• What the task requires
With the pictures left out, restate every entry word for word.

• Listed entries
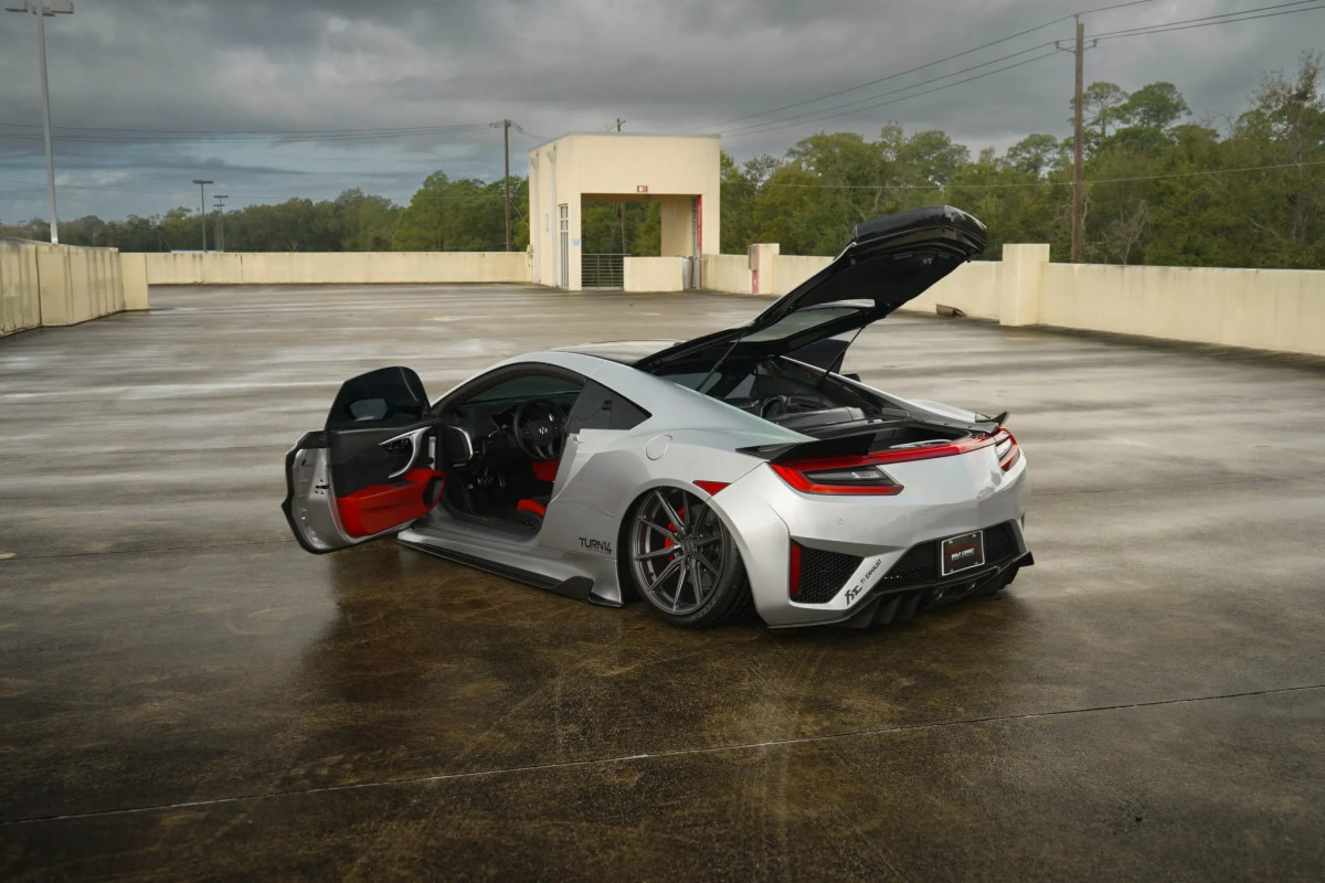 The list of modifications is quite long, but it includes a Fi exhaust system, 20- and 21-inch Vossen multi-spoke wheels, and an Air Lift Performance suspension. The exterior looks have been modded with Jewel Eye LED headlights, carbon-ceramic brakes, an ELS sound system, and carbon-fiber engine bay trim. The body is finished in Silver, and the body kit from AimGain gives this NSX a wider stance.
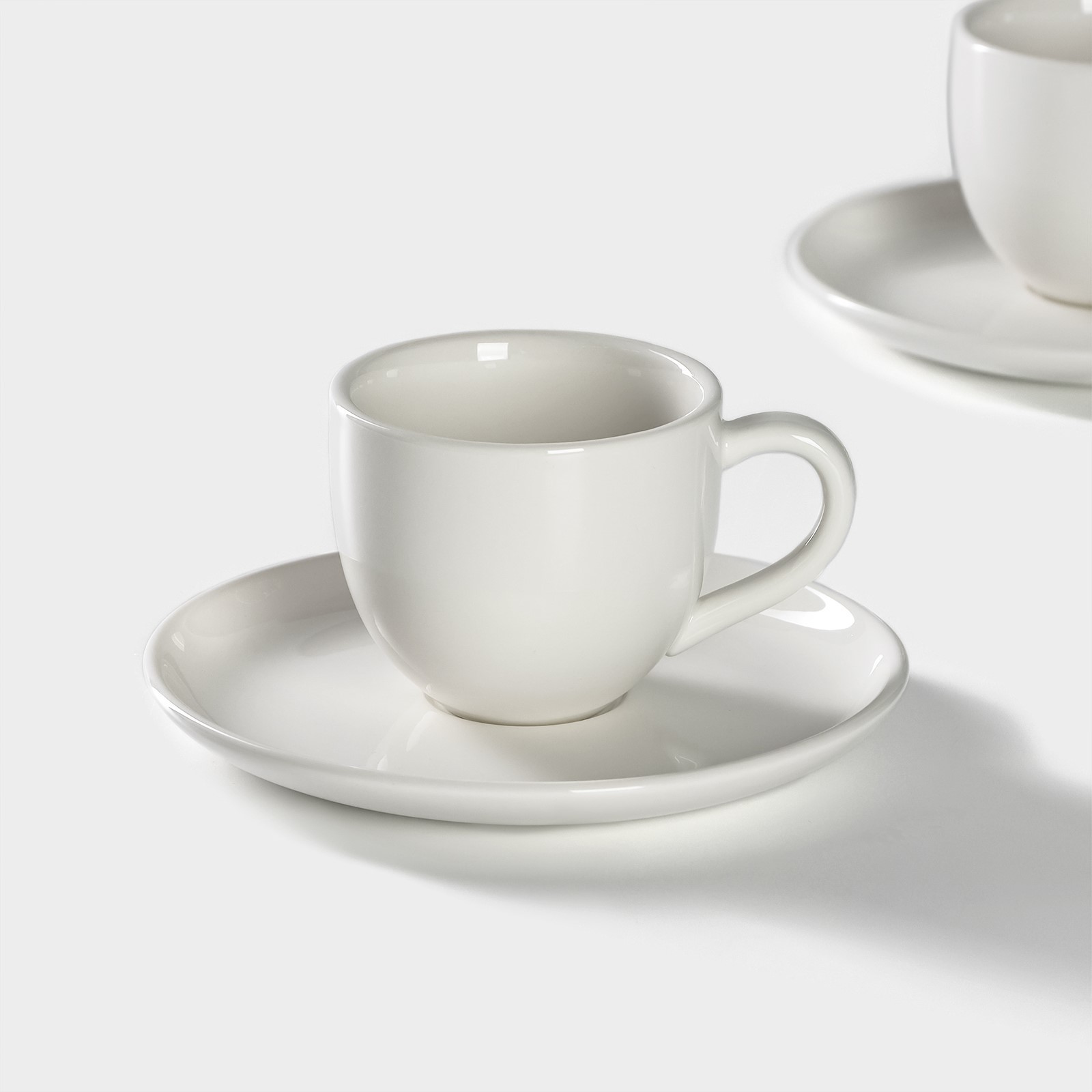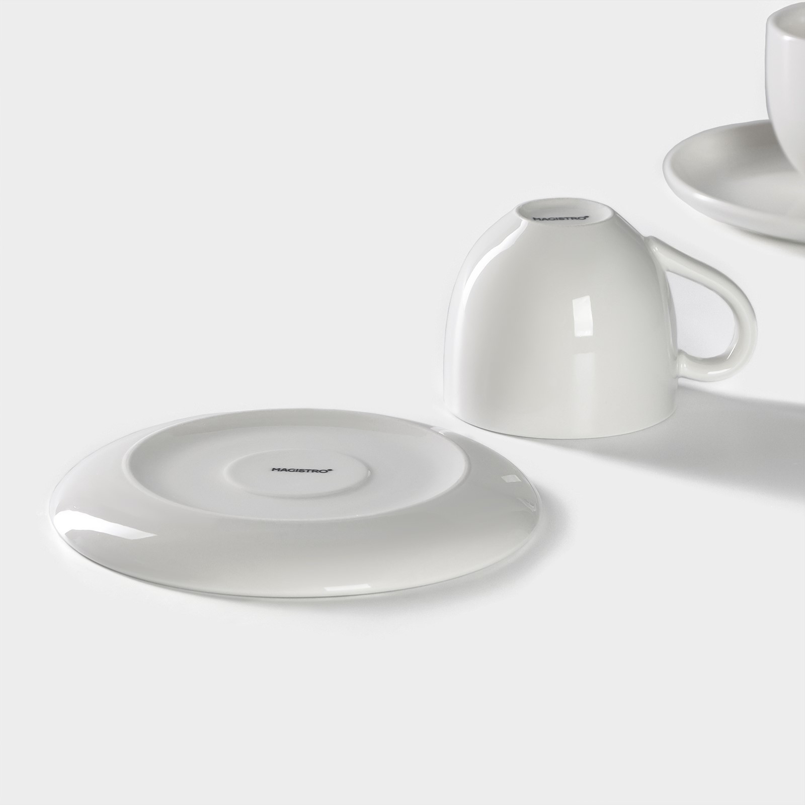 Набор чайный фарфоровый Magistro Mien, 4 предмета: 2 чашки 200 мл, 2 блюдца D=16 см, цвет белый
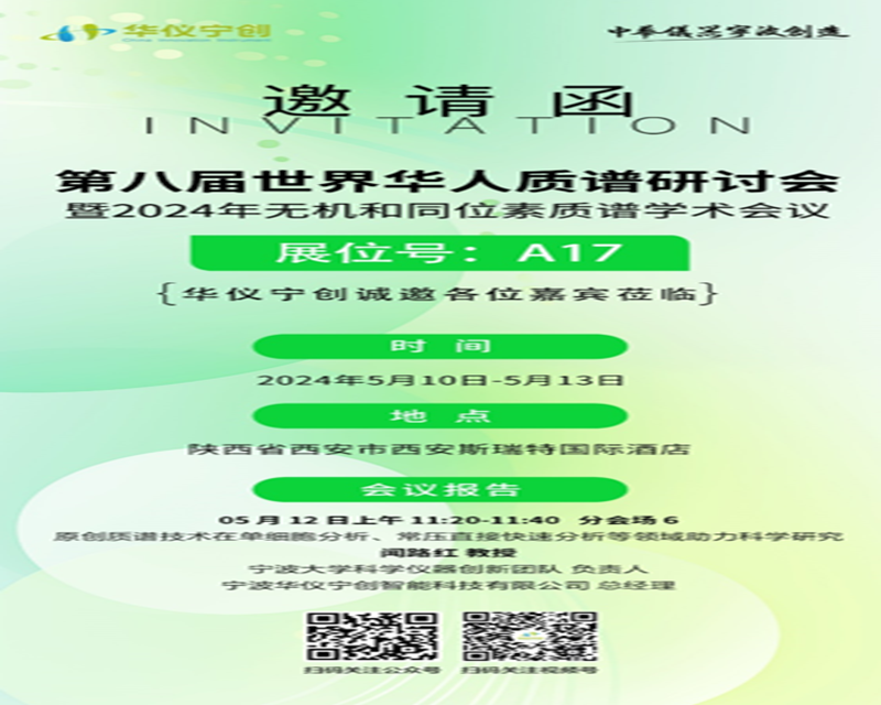 會議邀請 | 華儀寧創與您相約第八屆世界華人質譜研討會暨2024年無機和同位素質譜學術會議 2024-04-30 由中國物理學會質譜分會 (中國質譜學會)主辦,西安交通大學承辦,西北核技術研究院協辦的《第八屆世界華人質譜研討會暨 2024 年無機和同位素質譜學術會議》將于 2024 年 5 月 10 日至 13 日在西安市召開。華儀寧創作為國內質譜儀器自主創新優秀企業代表,受邀參加此次會議。華儀寧創總經理聞路紅教授將在分會場6作《原創質譜技術在單細胞分析、常壓直接快速分析等領域助力科學研究》專題報告。華儀寧創此次將在A17展臺展出多款原創質譜產品,在此誠邀各位專家學者蒞臨展臺,探討交流!便攜式直接電離質譜儀CRAIV-110三重四極桿串聯質譜系統… 查看詳情
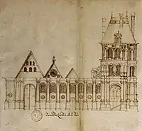 - Ce manuscrit contient le relevé du labyrinthe qui occupait l'espace entre la troisième et la quatrième travées de la cathédrale de Reims. Tracé en marbre noir dans le dallage de la nef, il avait une structure octogonale (il a été détruit par les chanoines en 1779).
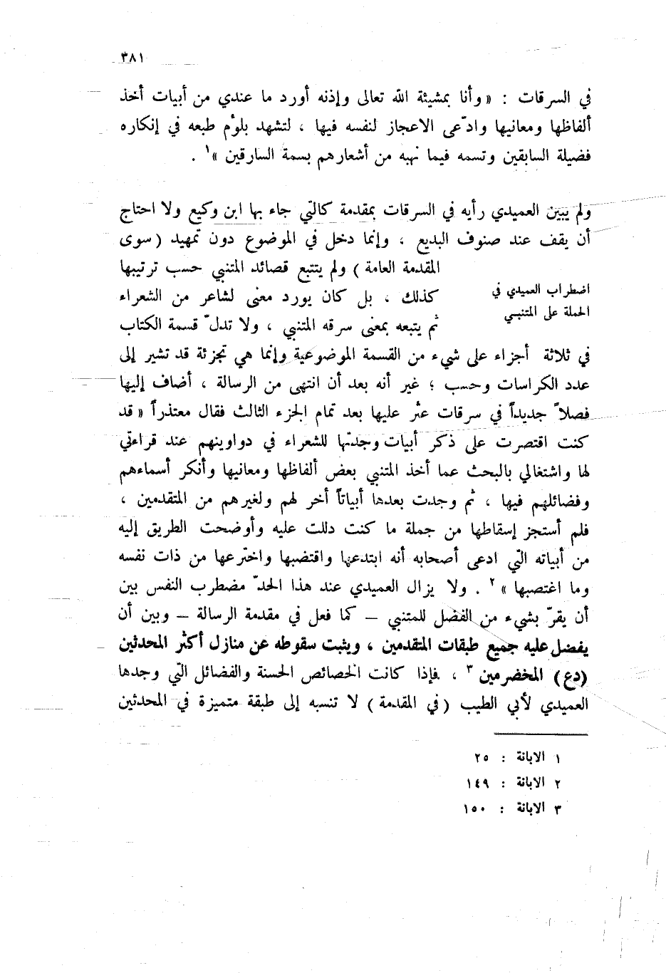 ولم يبين العميدي رأيه في السرقات بمقدمة كالتي جاء بها ابن وكيع ولا احتاج أن يقف عند صنوف البديع، وإنما دخل في الموضوع دون تمهيد (سوى المقدمة العامة) ولم يتتبع قصائد المتنبي حسب ترتيبها كذلك، بل كان يورد معنى لشاعر من الشعراء ثم يتبعه بمعنى سرقه المتنبي، ولا تدل قسمة الكتاب في ثلاثة أجزاء على شيء من القسمة الموضوعية وغنما هي تجزئة قد تشير إلى عدد الكراسات وحسب؛ غير أنه بعد ان انتهى من الرسالة، أضاف إليها فصلاً جديدياً في سرقات عثر عليها بعد تمام الجزء الثالث فقال معتذراً " قد كنت اقتصرت على ذكر أبيات وجدتها للشعراء في دواوينهم عند قراءتي لها واشتغالي بالبحث عما أخذ المتنبي بعض ألفاظها ومعانيها وأنكر أسماءهم وفضائلهم فيها، ثم وجدت بعدها أبياتاً أخر لهم ولغيرهم من المتقدمين، فلم أستجز إسقاطها من جملة ما كنت دللت عليه وأوضحت الطريق غليه من أبياته التي ادعى أصحابه انه ابتدعها واقتضبها واخترعها من ذات نفسه وما اغتصبها " (2) . ولا يزال العميدي عند هذا الحد مضطرب النفس بين أن يقر بشيء من الفضل للمتنبي - كما فعل في مقدمة الرسالة - وبين أن يفضل عليه جميع طبقات المتقدمين، ويثبت سقوطه عن منازل أكثر المحدثين (دع) المخضرمين (3) ، فإذا كانت الخصائص الحسنة والفضائل التي وجدها العميدي لأبي الطيب (في المقدمة) لا تنسبه إلى طبقة متميزة في المحدثين
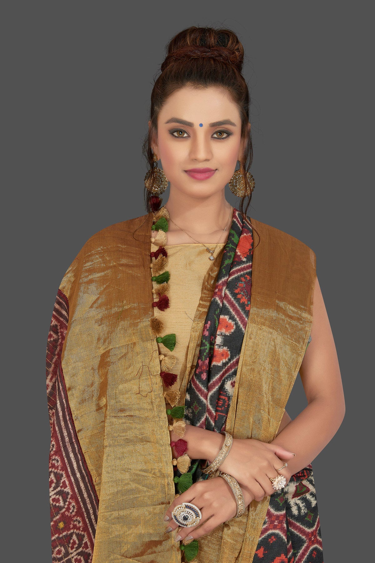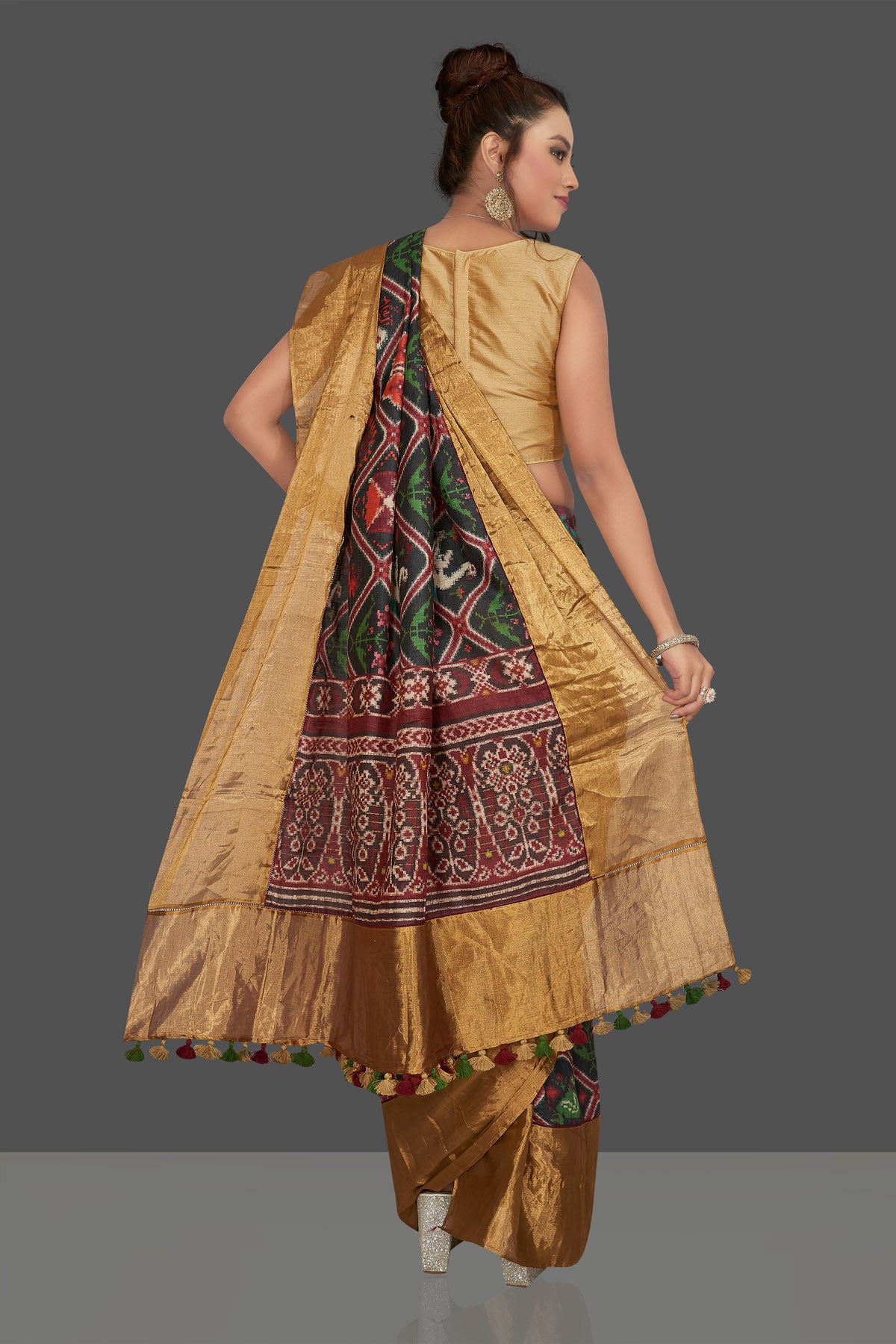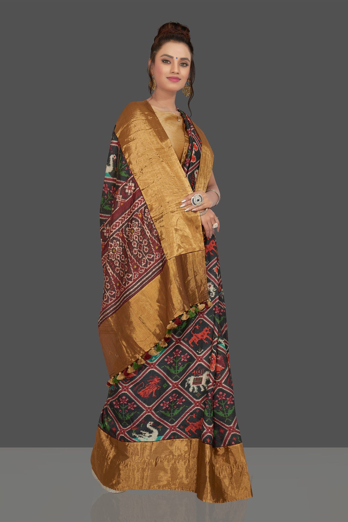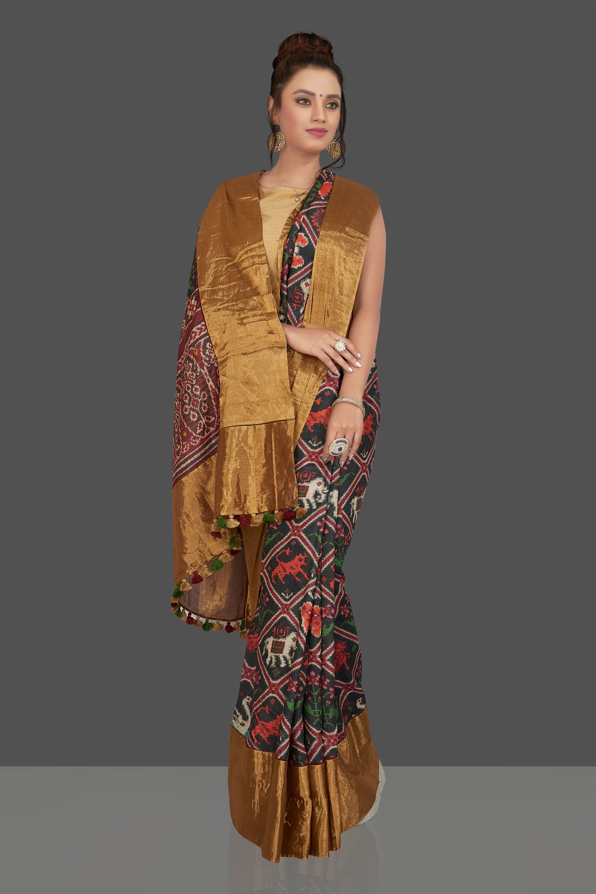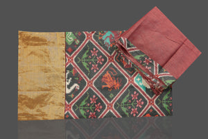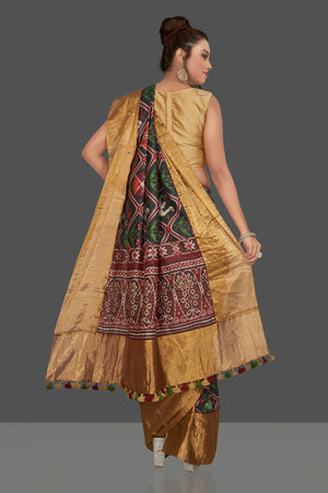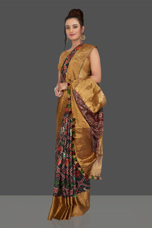 Look striking on special occasions in this attractive black printed Patola tussar saree. The saree is enhanced with golden border and pallu . It comes with a matching blouse piece. Shop designer sarees online in USA from Pure Elegance.

• Output of the exercise
 The list of modifications is quite long, but it includes a Fi exhaust system, 20- and 21-inch Vossen multi-spoke wheels, and an Air Lift Performance suspension. The exterior looks have been modded with Jewel Eye LED headlights, carbon-ceramic brakes, an ELS sound system, and carbon-fiber engine bay trim. The body is finished in Silver, and the body kit from AimGain gives this NSX a wider stance.
 Набор чайный фарфоровый Magistro Mien, 4 предмета: 2 чашки 200 мл, 2 блюдца D=16 см, цвет белый
 會議邀請 | 華儀寧創與您相約第八屆世界華人質譜研討會暨2024年無機和同位素質譜學術會議 2024-04-30 由中國物理學會質譜分會 (中國質譜學會)主辦,西安交通大學承辦,西北核技術研究院協辦的《第八屆世界華人質譜研討會暨 2024 年無機和同位素質譜學術會議》將于 2024 年 5 月 10 日至 13 日在西安市召開。華儀寧創作為國內質譜儀器自主創新優秀企業代表,受邀參加此次會議。華儀寧創總經理聞路紅教授將在分會場6作《原創質譜技術在單細胞分析、常壓直接快速分析等領域助力科學研究》專題報告。華儀寧創此次將在A17展臺展出多款原創質譜產品,在此誠邀各位專家學者蒞臨展臺,探討交流!便攜式直接電離質譜儀CRAIV-110三重四極桿串聯質譜系統… 查看詳情
 - Ce manuscrit contient le relevé du labyrinthe qui occupait l'espace entre la troisième et la quatrième travées de la cathédrale de Reims. Tracé en marbre noir dans le dallage de la nef, il avait une structure octogonale (il a été détruit par les chanoines en 1779).
 ولم يبين العميدي رأيه في السرقات بمقدمة كالتي جاء بها ابن وكيع ولا احتاج أن يقف عند صنوف البديع، وإنما دخل في الموضوع دون تمهيد (سوى المقدمة العامة) ولم يتتبع قصائد المتنبي حسب ترتيبها كذلك، بل كان يورد معنى لشاعر من الشعراء ثم يتبعه بمعنى سرقه المتنبي، ولا تدل قسمة الكتاب في ثلاثة أجزاء على شيء من القسمة الموضوعية وغنما هي تجزئة قد تشير إلى عدد الكراسات وحسب؛ غير أنه بعد ان انتهى من الرسالة، أضاف إليها فصلاً جديدياً في سرقات عثر عليها بعد تمام الجزء الثالث فقال معتذراً " قد كنت اقتصرت على ذكر أبيات وجدتها للشعراء في دواوينهم عند قراءتي لها واشتغالي بالبحث عما أخذ المتنبي بعض ألفاظها ومعانيها وأنكر أسماءهم وفضائلهم فيها، ثم وجدت بعدها أبياتاً أخر لهم ولغيرهم من المتقدمين، فلم أستجز إسقاطها من جملة ما كنت دللت عليه وأوضحت الطريق غليه من أبياته التي ادعى أصحابه انه ابتدعها واقتضبها واخترعها من ذات نفسه وما اغتصبها " (2) . ولا يزال العميدي عند هذا الحد مضطرب النفس بين أن يقر بشيء من الفضل للمتنبي - كما فعل في مقدمة الرسالة - وبين أن يفضل عليه جميع طبقات المتقدمين، ويثبت سقوطه عن منازل أكثر المحدثين (دع) المخضرمين (3) ، فإذا كانت الخصائص الحسنة والفضائل التي وجدها العميدي لأبي الطيب (في المقدمة) لا تنسبه إلى طبقة متميزة في المحدثين
 Look striking on special occasions in this attractive black printed Patola tussar saree. The saree is enhanced with golden border and pallu . It comes with a matching blouse piece. Shop designer sarees online in USA from Pure Elegance.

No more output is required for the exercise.